Rehan left her home after a shell landed there more than a week ago. She moved her family to a shelter and went on living out of her workspace, documenting the offensive and organizing aid to those living underground.
“It is a big dream for me to shower,” she said, adding with a shy giggle that she had not had a shower in 20 days.
The teacher used the basement as a temporary shelter for hours when the shelling was exceptionally intense. Her home is on a ground floor so she often crept up to sleep there, sparing herself and her son the bad air in the shelter.
The night before a truce proposed by Russia began, she slept in her home — in the bathroom, since she had invited others to stay with her, expecting a calmer day. But at daybreak, 10 airstrikes pounded the area, spraying her home with shrapnel.
So she went on a cleaning campaign in the shelter, made room for herself and moved in.
With no sanitation or running water, “going to the bathroom could cost you your life.”

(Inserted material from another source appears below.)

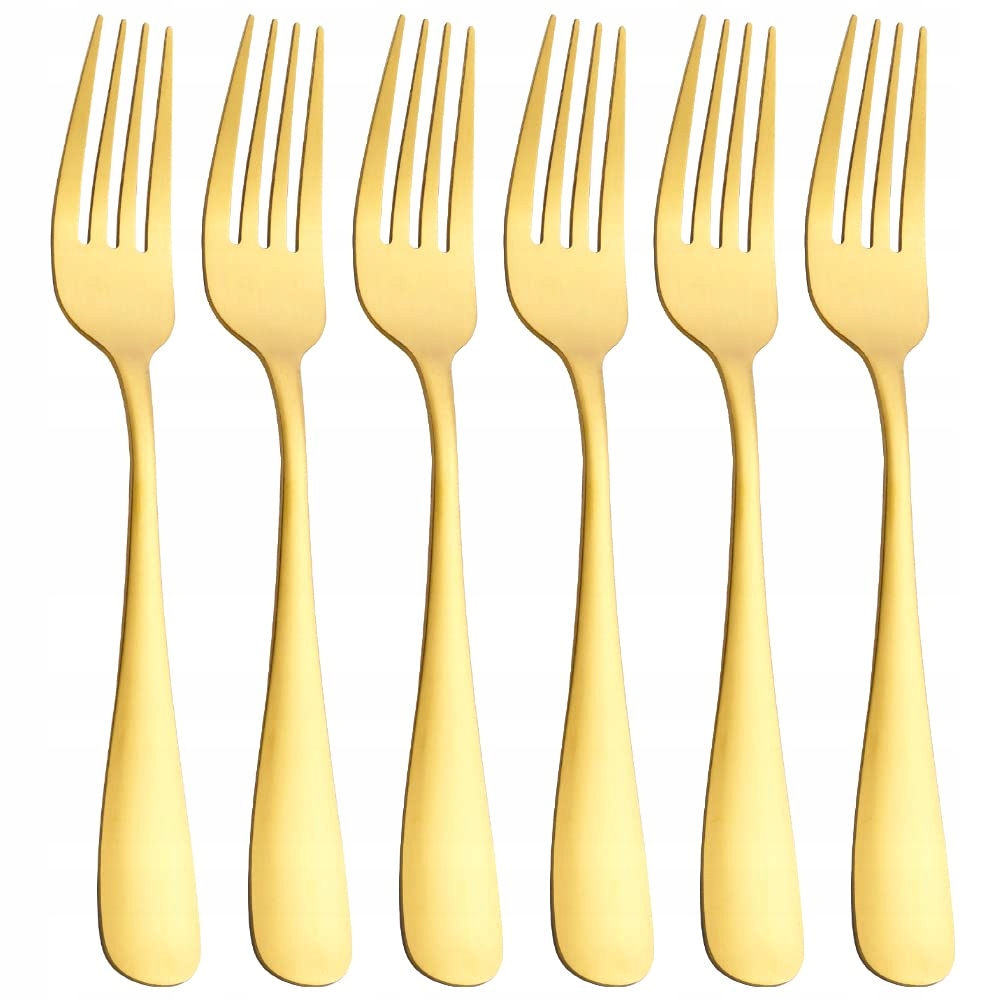Matowe złote wykończenie – Nasz zestaw 6 widelców do dań głównych posiada unikalne matowe złote wykończenie, które dodaje Twojemu stołowi odrobinę wyrafinowania. Ponadto nadają się do mycia w zmywarce, co ułatwia czyszczenie.

She is most furious about the silence from the U.N. and the international community in the face of what she called “our forced displacement.”
“Why should we be forced out of our homes? Why is it acceptable that (the government) brings other people to live in them,” she said.
She said residents don’t want to go to Idlib, the opposition-held northwestern province where others evacuated from besieged areas have been taken. The province is ruled by al-Qaida-linked groups.
“We rejected them. Why should we live with them and then again, (the government) starts bombing us there?”